The postmodern age is marked by a sense that rather than one story of reality there are many, none of which can be proven absolutely true. Language, rather than just describing reality, creates it – you can’t experience something until you can name it. Truth is seen as those things that the dominant culture agrees on – cannot be proved but often is disproved. Postmoderns have a deep suspicion of power, which doesn’t arise from knowledge but decides what knowledge is. Authority is lodged in experience and relationship, not in titles and hierarchies.

“This is the situation we preach into. The values of a generation ago are challenged. People have access to so much information. You can’t just do a monologue about what is right.”
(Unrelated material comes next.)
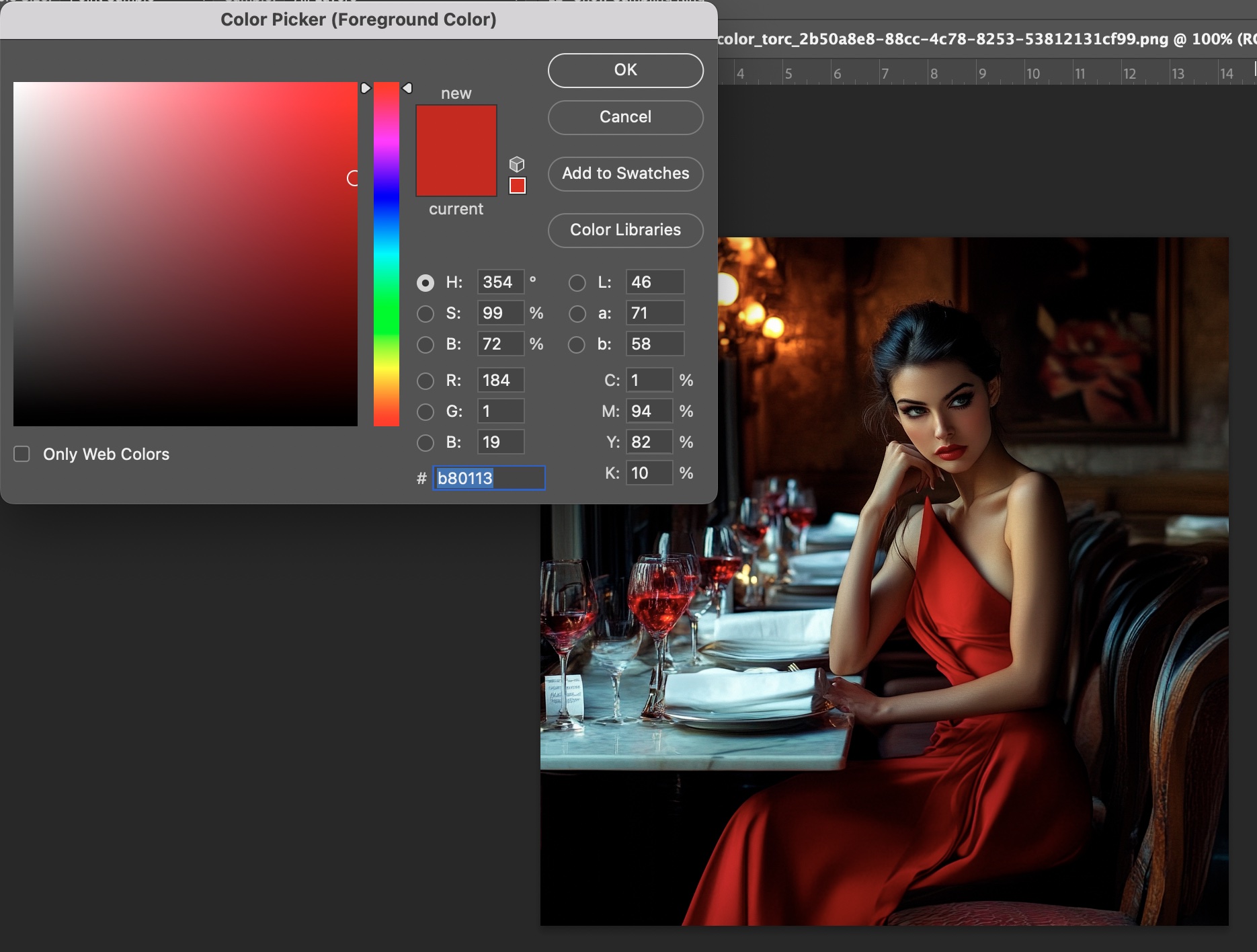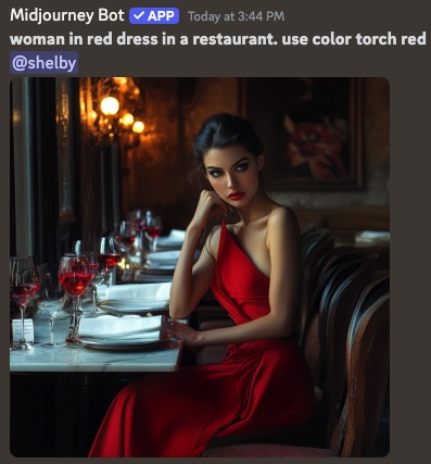 I returned to Midjourney and entered the prompt of “woman in red dress in a restaurant. use color torch red” and it resulted in an image with a much closer color to Pantone 185. I was able to verify its closeness – but not exactness – by opening the image in Photoshop and using the color picker to verify the red. (see images)

The shift has also created a window of spiritual openness. “Premoderns had a real sense of being dependent on God’s grace. Moderns said if we think hard enough we can save ourselves…but by the end of the 20th century we had been disabused of this illusion. We see this in GenX and millennials…they saw the wealth grabbing of their parents and saw that it didn’t get them salvation… There is more room for mystery and openness (now) than there has been in more than 3 centuries.”

In this world “truth is confessed and professed, but never possessed.” In the modern world truth was validated by conquering another point of view. But “in confession, the validity of your assertion rests not with its reception but with the integrity of the confessor… When we make claims about God’s action in our lives and our world, we can give people space to wonder or doubt” because our relationship with them doesn’t depend on their accepting our arguments. This “leaves room for the holy spirit to work” and allows us to follow God’s model shown on the cross. “God does not take the power route in the cross, but becomes very vulnerable.”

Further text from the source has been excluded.